Il se crée autour de lui une atmosphère de la dissidence qui le distingue parmi les Algériens jamais assez « critiques » sur leur pays. On ne peut multiplier les citations mais les deux mots que les médias français accolent le plus volontiers à son nom sont ceux de lucidité et de courage.
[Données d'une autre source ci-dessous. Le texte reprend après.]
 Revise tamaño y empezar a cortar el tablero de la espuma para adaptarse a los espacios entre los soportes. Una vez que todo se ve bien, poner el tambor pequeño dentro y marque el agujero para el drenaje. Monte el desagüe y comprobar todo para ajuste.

Sous le titre : « L’intellectuel qui secoue le monde », Le Point lui consacre un dossier, le 9 février 2017 : « Les prises de position de l’écrivain algérien sur l’islamisme et les dictatures arabes ont un retentissement mondial »… Rien que ça !  Dans Télérama, en février 2020, sous la plume de Marie Cailletet, à propos d’un documentaire sur l’Algérie auquel Kamel Daoud a participé : « ses prises de position sur l’islamisme, la place des femmes, les archaïsmes de la société algérienne, les turpitudes de l’ère Bouteflika ont valu à Kamel Daoud, chroniqueur et écrivain, fatwa, attaques et campagnes de dénigrement virulentes (…) Une parole lucide, sans complaisance et insoumise ». C’est un écho comparable qu’on trouve cette fois dans le « Grand entretien » de Rachel Binhas dans Marianne en septembre 2024 : « L’écrivain Kamel Daoud analyse avec lucidité le Hirak ». Ces exemples montrent que de 2017 à 2024, « l’autre chemin de mémoire » a été bien tracé.
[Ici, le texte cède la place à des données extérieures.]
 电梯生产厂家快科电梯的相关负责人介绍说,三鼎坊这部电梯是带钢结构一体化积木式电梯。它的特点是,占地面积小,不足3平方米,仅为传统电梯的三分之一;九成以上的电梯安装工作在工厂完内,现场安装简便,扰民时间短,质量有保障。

Alors Houris, couronné pour dissidence ? De quelle dissidence s’agit-il ? De celle qui donne à lire un roman entièrement consacré aux islamistes, à leurs méfaits et à leur criminalité – que plus d’un roman algérien a dénoncé et qui n’est pas contestable –, en dehors de toute mise en contexte antérieure, nationale et internationale, et surtout en dehors de tout rappel de la période coloniale, lavant ainsi la France de 130 années de « gestion » algérienne ou y faisant  allusion comme un épisode moindre que la guerre de la décennie noire ? Enfin un écrivain algérien, lucide, qui s’en prend aux siens « islamistes », rencontrant un combat actif dans l’hexagone, plutôt qu’à l’ennemi « historique » !… Ce prix décerné l’est, avant tout, sur le plan politique. Il témoigne une fois de plus de la difficulté hexagonale à regarder en face l’héritage impérial et de l’avidité à s’emparer d’une représentation partielle de l’Algérie, exonérant la France de toute responsabilité dans la transmission de la violence.

Christiane Chaulet Achour

7 novembre 2024

*Pour une analyse détaillée de la fabrique du texte, voir mon article dans Collateral, 13 septembre 2024, « Kamel Daoud écrit sa catabase » ; et dans 24HDZ du 6 novembre 2024 : « Houris, « premier » roman algérien sur la décennie noire ? »

1 COMMENTAIRE

  1. pourpre nabis dim. 17 nov. 14:10 (il y a 13 heures)
    À moi

    Monsieur Nicolas Beau,

    en avant-propos de l’article « Kamel Daoud : la chronique d’un prix Goncourt programmé » vous omettez de citer le sociologue de l’art et de la culture Saadi-Leray Farid, protagoniste des contributions (parues dans le webzine lematindalgerie.com) « Deux auteurs franco-algériens taraudent les répercussions et lésions psychiques de la Décennie noire » puis, plus récemment, « A l’Aube de la parole, Houri est Orbi (Houri est au Monde) ». Ses textes sont plus instructifs et mieux écrits que celui de Christiane Chaulet Achour qui d’une part commet une erreur en parlant d’un Prix Goncourt obtenu après cinq tours (un seul suffira), et d’autre part ne cite pas les supposés écrivains ayant préalablement écrit sur ladite guerre civile. Saadi-Leray nomme quant à lui les peintres qui ont bravé l’interdiction officielle en exposant en France et en Algérie. L’universitaire privilégiée réplique en plus les mêmes antiennes post-fanoniens, des redondances accusant toujours la France d’être, encore à ce jour, la responsable de tous les maux de l’Algérie. Il est temps, cher Monsieur, de changer de référence ou de paradigme. Saadi-Leray est à ce jour le meilleur spécialiste de l’art moderne et/ou contemporain en Algérie. Personne ne peut rivaliser avec un type capable de pondre une nécrologie d’artiste en à peine une heure.